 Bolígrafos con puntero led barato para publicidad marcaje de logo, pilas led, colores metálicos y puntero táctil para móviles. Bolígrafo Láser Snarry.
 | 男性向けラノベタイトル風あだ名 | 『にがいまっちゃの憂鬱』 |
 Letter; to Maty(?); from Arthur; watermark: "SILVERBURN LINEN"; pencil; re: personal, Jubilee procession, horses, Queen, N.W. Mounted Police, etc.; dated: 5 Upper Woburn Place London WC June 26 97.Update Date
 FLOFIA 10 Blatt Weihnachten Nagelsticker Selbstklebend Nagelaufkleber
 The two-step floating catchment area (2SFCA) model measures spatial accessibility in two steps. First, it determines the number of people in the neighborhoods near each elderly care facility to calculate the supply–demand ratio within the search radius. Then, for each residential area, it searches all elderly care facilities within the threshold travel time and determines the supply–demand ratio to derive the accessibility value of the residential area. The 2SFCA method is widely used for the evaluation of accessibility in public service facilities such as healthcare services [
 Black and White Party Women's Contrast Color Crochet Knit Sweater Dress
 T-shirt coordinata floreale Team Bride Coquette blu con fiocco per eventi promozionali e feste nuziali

==

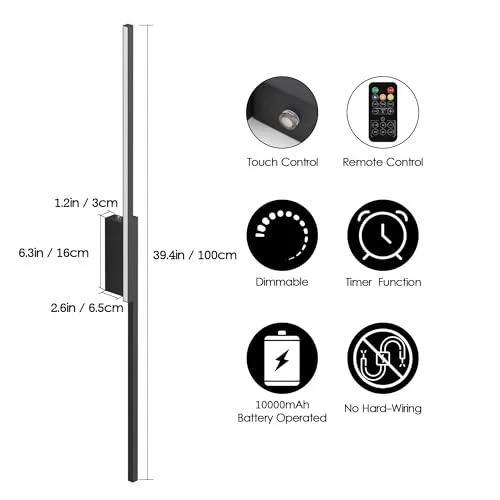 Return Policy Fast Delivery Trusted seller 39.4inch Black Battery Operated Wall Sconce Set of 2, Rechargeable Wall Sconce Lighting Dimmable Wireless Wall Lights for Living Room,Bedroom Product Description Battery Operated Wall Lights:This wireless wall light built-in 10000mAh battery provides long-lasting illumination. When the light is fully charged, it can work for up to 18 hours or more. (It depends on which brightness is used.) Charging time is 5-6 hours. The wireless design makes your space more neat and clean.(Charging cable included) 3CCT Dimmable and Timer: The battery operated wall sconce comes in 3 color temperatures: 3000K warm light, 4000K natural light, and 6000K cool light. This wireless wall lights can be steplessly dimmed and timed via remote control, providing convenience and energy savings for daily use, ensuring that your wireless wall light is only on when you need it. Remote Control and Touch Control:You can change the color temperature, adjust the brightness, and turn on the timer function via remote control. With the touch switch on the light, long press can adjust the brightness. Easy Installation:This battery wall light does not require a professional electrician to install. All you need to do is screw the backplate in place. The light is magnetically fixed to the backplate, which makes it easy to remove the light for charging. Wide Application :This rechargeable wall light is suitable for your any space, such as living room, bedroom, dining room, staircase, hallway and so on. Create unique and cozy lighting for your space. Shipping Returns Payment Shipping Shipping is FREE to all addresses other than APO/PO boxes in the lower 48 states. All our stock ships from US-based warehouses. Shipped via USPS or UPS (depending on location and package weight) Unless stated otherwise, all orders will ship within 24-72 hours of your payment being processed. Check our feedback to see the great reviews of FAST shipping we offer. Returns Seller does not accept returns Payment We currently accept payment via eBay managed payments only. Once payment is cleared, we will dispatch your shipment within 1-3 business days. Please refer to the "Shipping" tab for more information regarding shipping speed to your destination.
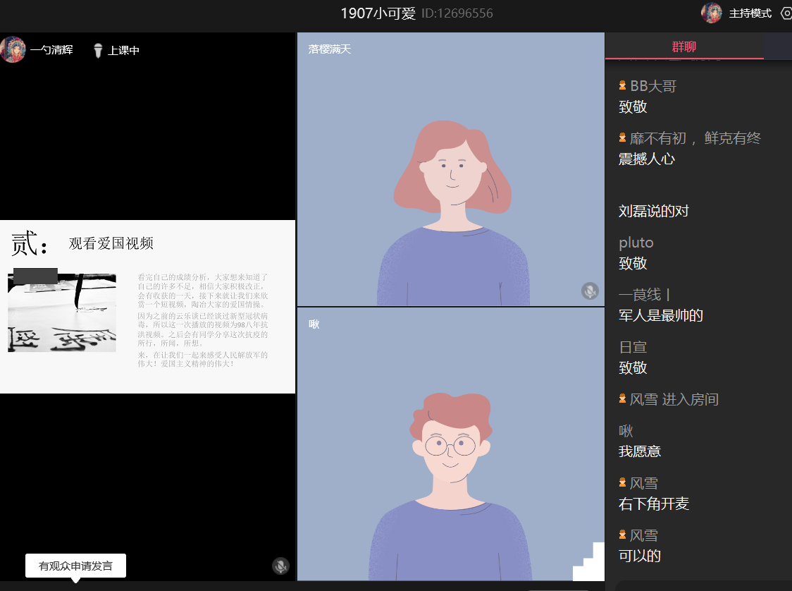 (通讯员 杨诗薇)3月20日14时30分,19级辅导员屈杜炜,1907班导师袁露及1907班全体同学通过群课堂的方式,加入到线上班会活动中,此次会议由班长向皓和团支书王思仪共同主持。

...

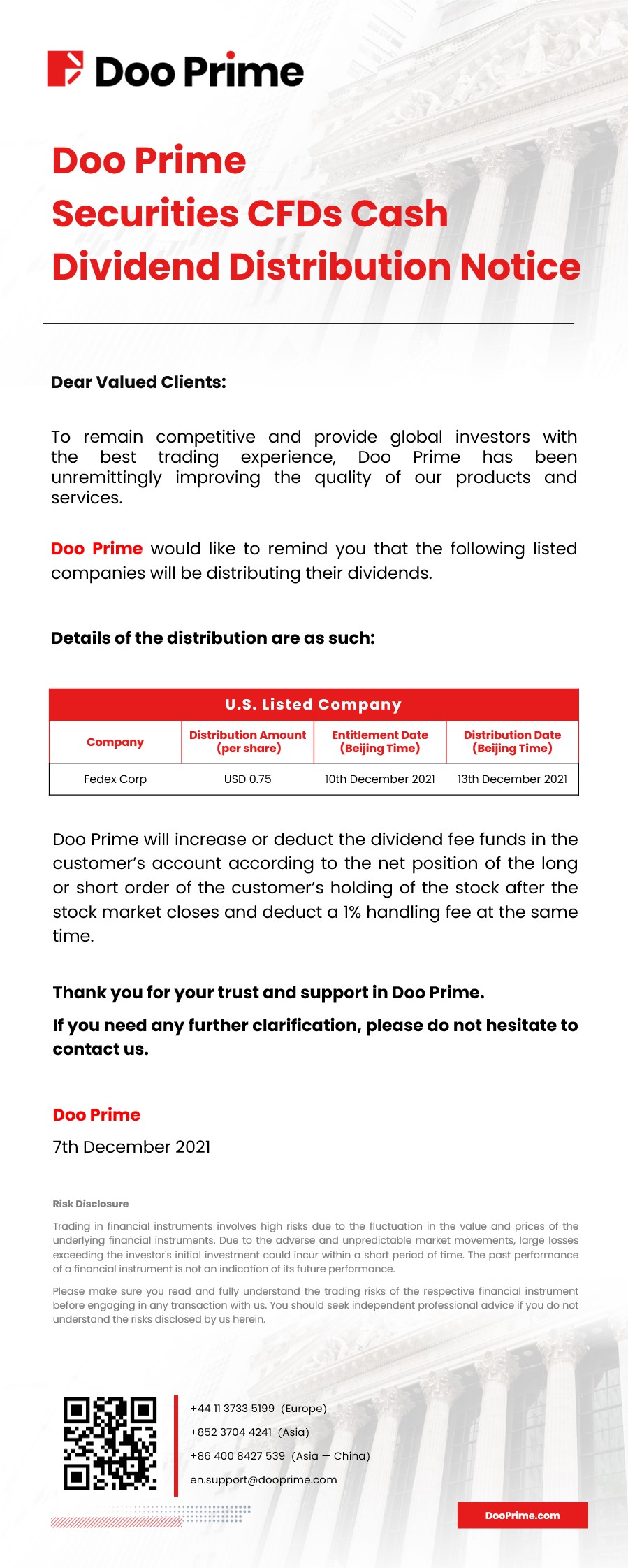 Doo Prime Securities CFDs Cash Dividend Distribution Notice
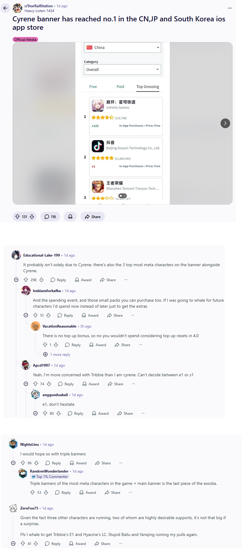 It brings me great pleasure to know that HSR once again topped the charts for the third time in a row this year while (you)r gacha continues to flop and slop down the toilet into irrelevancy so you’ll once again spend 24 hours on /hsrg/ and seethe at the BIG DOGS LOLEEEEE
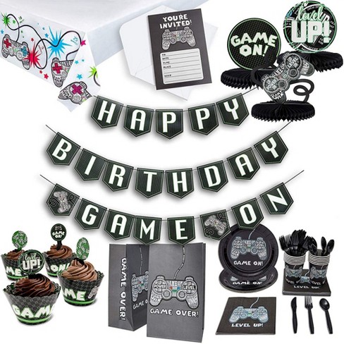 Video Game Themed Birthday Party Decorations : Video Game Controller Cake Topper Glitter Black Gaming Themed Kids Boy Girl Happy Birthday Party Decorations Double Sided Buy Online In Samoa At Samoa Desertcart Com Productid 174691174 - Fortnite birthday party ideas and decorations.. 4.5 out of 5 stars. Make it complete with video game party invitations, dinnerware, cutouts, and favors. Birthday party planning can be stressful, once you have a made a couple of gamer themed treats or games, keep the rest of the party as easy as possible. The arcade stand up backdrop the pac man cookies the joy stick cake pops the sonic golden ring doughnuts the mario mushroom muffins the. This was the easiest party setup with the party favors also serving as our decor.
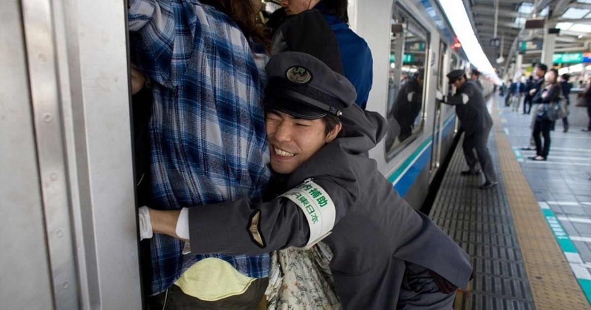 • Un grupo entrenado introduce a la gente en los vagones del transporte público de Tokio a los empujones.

### Required work
Looking at the data above, return every line from the one with "Bolígrafos con puntero" down to the one with "FLOFIA 10 Blatt", exactly and inclusively.

### Result
 Bolígrafos con puntero led barato para publicidad marcaje de logo, pilas led, colores metálicos y puntero táctil para móviles. Bolígrafo Láser Snarry.
 | 男性向けラノベタイトル風あだ名 | 『にがいまっちゃの憂鬱』 |
 Letter; to Maty(?); from Arthur; watermark: "SILVERBURN LINEN"; pencil; re: personal, Jubilee procession, horses, Queen, N.W. Mounted Police, etc.; dated: 5 Upper Woburn Place London WC June 26 97.Update Date
 FLOFIA 10 Blatt Weihnachten Nagelsticker Selbstklebend Nagelaufkleber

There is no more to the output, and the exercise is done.